MAHKEMESİ :Asliye Hukuk Mahkemesi
Taraflar arasındaki alacak davasının yapılan yargılaması sonunda ilamda yazılı nedenlerden dolayı davanın reddine yönelik olarak verilen hükmün süresi içinde davacı avukatınca temyiz edilmesi üzerine dosya incelendi gereği konuşulup düşünüldü.
KARAR
Davacı, davalıların kooperatiften taşınmazı 196.000,00 TL"ye satın aldığını, davalılara kesilen 24.5.2012 tarihli faturadan da anlaşılacağı üzere bunun 180.000,00 TL"sinin ödendiğini, geriye kalan 16.000,00 TL"nin ise ödenmediğini beyan ederek bakiye kalan 16.000,00 TL"nin tarafına ödenmesine ve 16.000,00 TL"ye satış tarihinden itibaren faiz uygulanmasına, davalıların alacağın %20"sinden az olmamak üzere kötüniyet tazminatı ödemesine karar verilmesini talep etmiştir.

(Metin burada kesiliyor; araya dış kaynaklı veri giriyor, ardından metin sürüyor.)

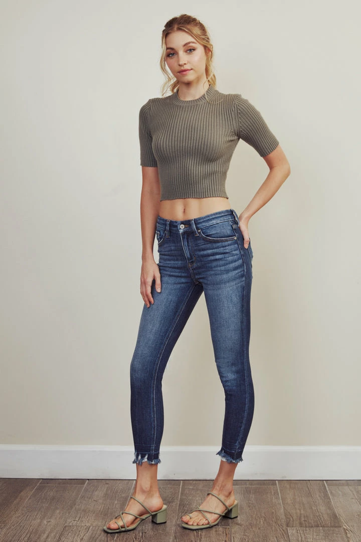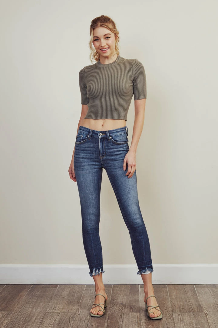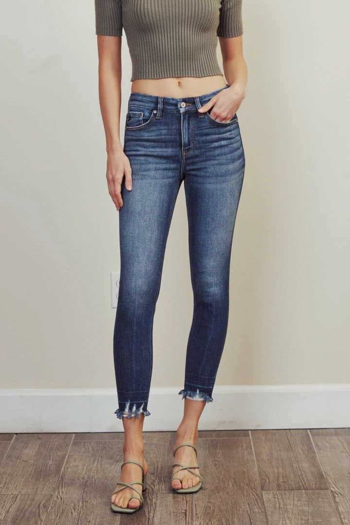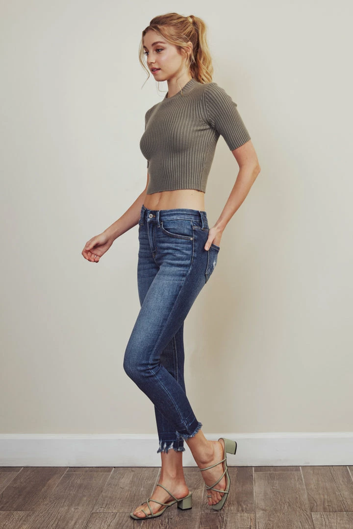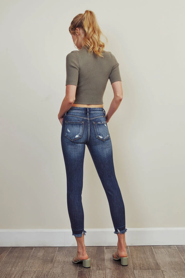 Skinny jeans are the perfect everyday piece! Featuring distressed unfinished hems, whiskering, fading, contrast stitching, a high-rise waistline, and a 5-pocket design, this style shows off your trendy style at all times!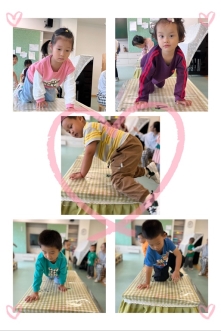 我们在游戏中加入了几张桌子,造成一个长隧道,就有了可以爬行的好地方,幼儿在爬行中也锻炼了他们的手脚并用的能力。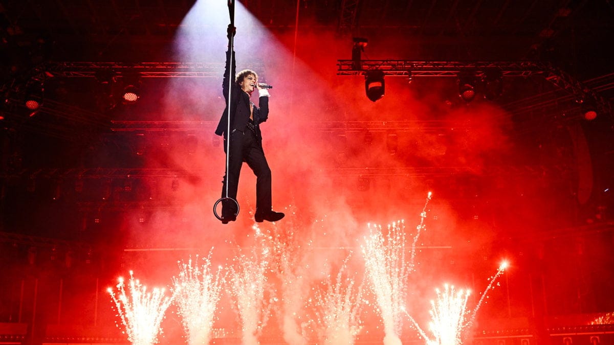 — Det finns två motorer uppe i taket och den ena säkerhetsutlöste och stannade. Så det gick helt enkelt inte att sänka ned den, säger Anders Wistbacka, Melodifestivalens projektledare.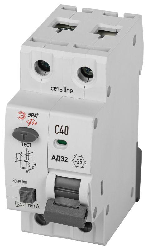 - Выключатель автоматический дифференциального тока 1P+N C 40А 30мА тип А АВДТ 4.5кА PRO D32E2C40А30 АД32 электронное Эра Б0057393

Davalılar, sunmuş oldukları satış sözleşmesine göre taşınmazın 180.000,00 TL"ye satıldığını, bu sözleşmenin davacı kooperatifin o dönem yönetim kurulu yetkililerince imzalandığını ve taşınmazın devrinin de bu kişilerce yapıldığını, davacı tarafından sunulan faturanın kesinlikle kendilerine ibraz edilmediğini, ibraz edilecek olsaydı itiraz edeceklerini, tapuda yapılan taşınmaz devri sırasında taşınmazın rayiç bedelinin 196.000,00 TL olması ve altında bir bedel gösterilmesinin Harçlar Kanunu ve Vergi Usul Kanunu"na muhalefet olacağından satış bedelinin rayiç bedel üzerinden gösterildiğini savunarak davanın reddini dilemişlerdir.

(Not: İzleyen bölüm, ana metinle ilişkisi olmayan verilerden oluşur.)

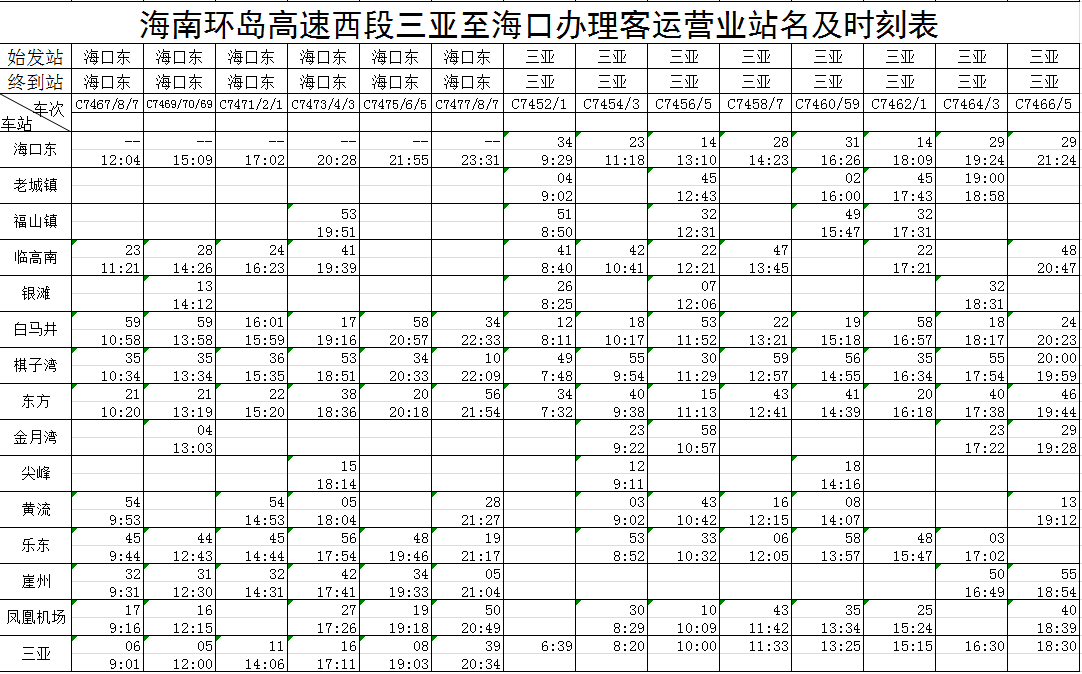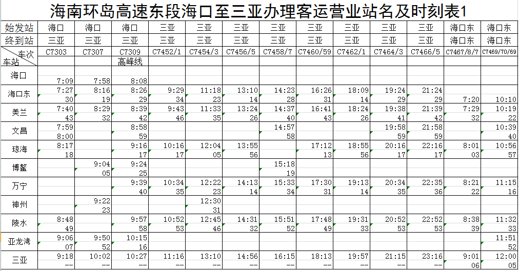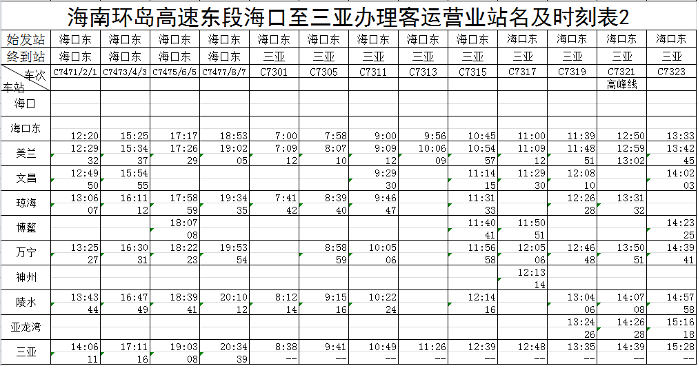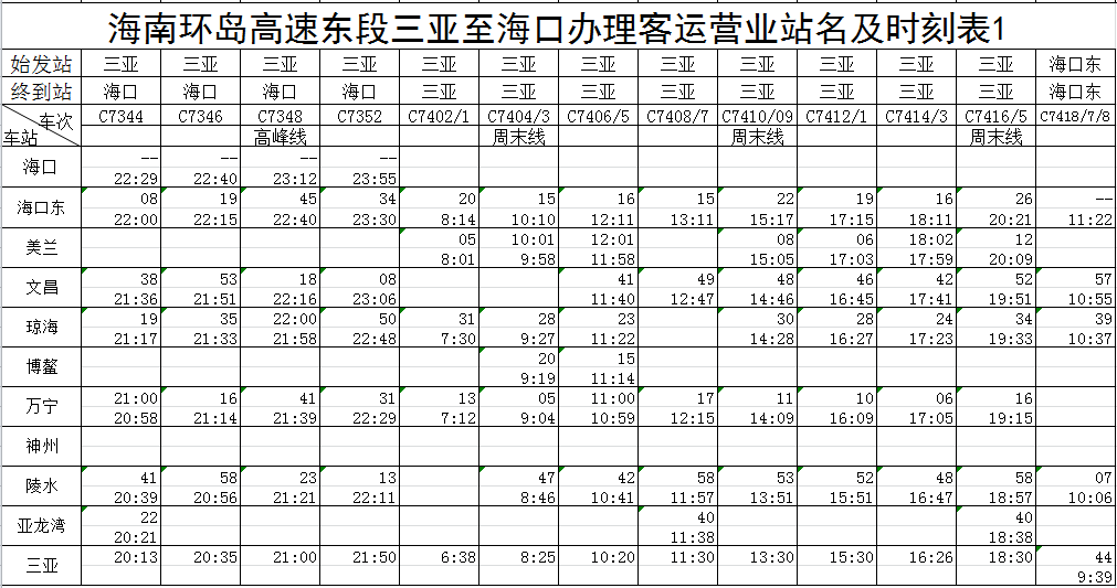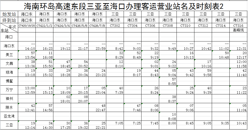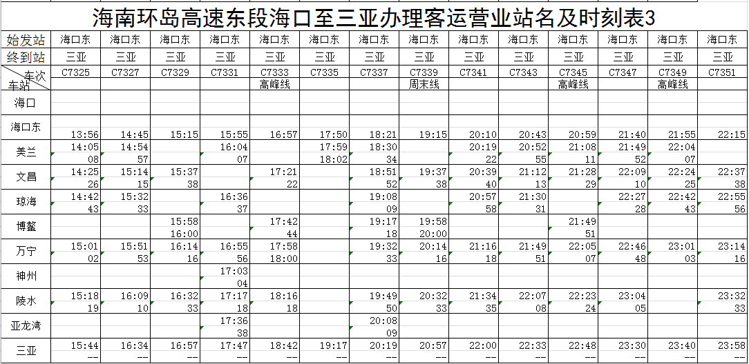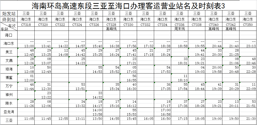 新列車運行圖周一至周四開行“C”字頭動車組列車32.5對,其中環(huán)島高鐵東段本線車20對,三亞-三亞環(huán)島車6.5對、海口東-海口東環(huán)島車6對。周五至周日開行“C”字頭動車組列車35對,其中環(huán)島高鐵東段本線車21對,三亞-三亞環(huán)島車8對、海口東-海口東環(huán)島車6對。

Mahkemece, davanın Reddine, karar verilmiş; hüküm, davacı tarafca temyiz edilmiştir.
Davacı, kooperatife ait taşınmazın 196.000,00 TL bedelle davalılara satıldığını, bunun 180.000,00 TL"sinin ödendiğini ancak bakiye 16.000,00 TL"nin ödenmediğini beyan ederek bu kısmın ödenmesine karar verilmesi isteminde bulunmuştur. Her ne kadar mahkemece,""...tapulu taşınmazların devri şekle bağlı ise de görünüşteki şekle bağlı devir sözleşmesi için düzenlenecek muvazaa sözleşmesinin geçerliliği şekle bağlı değildir; ancak, ispatı yazılı delil ile mümkün olacaktır. Buna göre davacı tarafın, resmi satış senedindeki bedelde muvazaa yapıldığı ve bedelin daha düşük olduğu iddiasını ancak yazılı delille kanıtlaması mümkündür. Taraflar arasındaki 08/05/2012 tarihli harici yazılı satış sözleşmesine göre taşınmazın 180.000,00-TL bedelle satıldığı, resmi senette satış bedelinin 196.000,00-TL olarak gösterildiği muvazaa iddiasının davalı tarafından yazılı delille kanıtlandığı, bu sebeple davacının alacak isteminin yerinde olmadığı anlaşılmakla davanın reddine..."" gerekçesi ile davanın reddine karar verilmiş ise de; dava konusu taşınmazın satışına ilişkin resmi tapu senedinde taşınmazın 1/2"sinin 98.000,00 TL bedelle ..."e, diğer 1/2"sinin 98.000,00 TL bedelle ..."e satıldığı yani toplamda 196.000,00 TL"ye satıldığı ve bedelinin satıcı tarafından nakden ve peşin olarak alındığı yazılıdır. Resmi senet niteliğindeki tapu senedine karşı muvazaa iddiası ileri sürelemeyeceğinden mahkemece muvazaa iddiasının ispatlandığının kabulü ile davanın reddine karar verilmesi doğru değildir. Bu kabule göre davacı kooperatifin o dönem satışa yetkili kooperatif yetkililerince tapu senedinde 196.000,00 TL satış bedelini nakten ve tamamen alındığını imzaları ile belirtmeleri karşısında bunun aksine 16.000,00 TL daha alacaklı olduğunu iddia etmesi yerinde görülmeyerek davanın bu gerekçelerle reddi gerekirken aksine düşüncelerle ve yukarıda yazılı şekilde hüküm kurulması usul ve yasaya aykırı olup, bozma nedenidir. Ne varki mahkemece değişik gerekçeyle de olsa davanın reddine karar verildiği ve bu itibarla hükmün sonucunun doğru olduğu anlaşıldığından HUMK." nun 438/son. maddesi uyarınca hükmün gerekçesinin düzeltilerek onanmasına karar verilmesi gerekmiştir.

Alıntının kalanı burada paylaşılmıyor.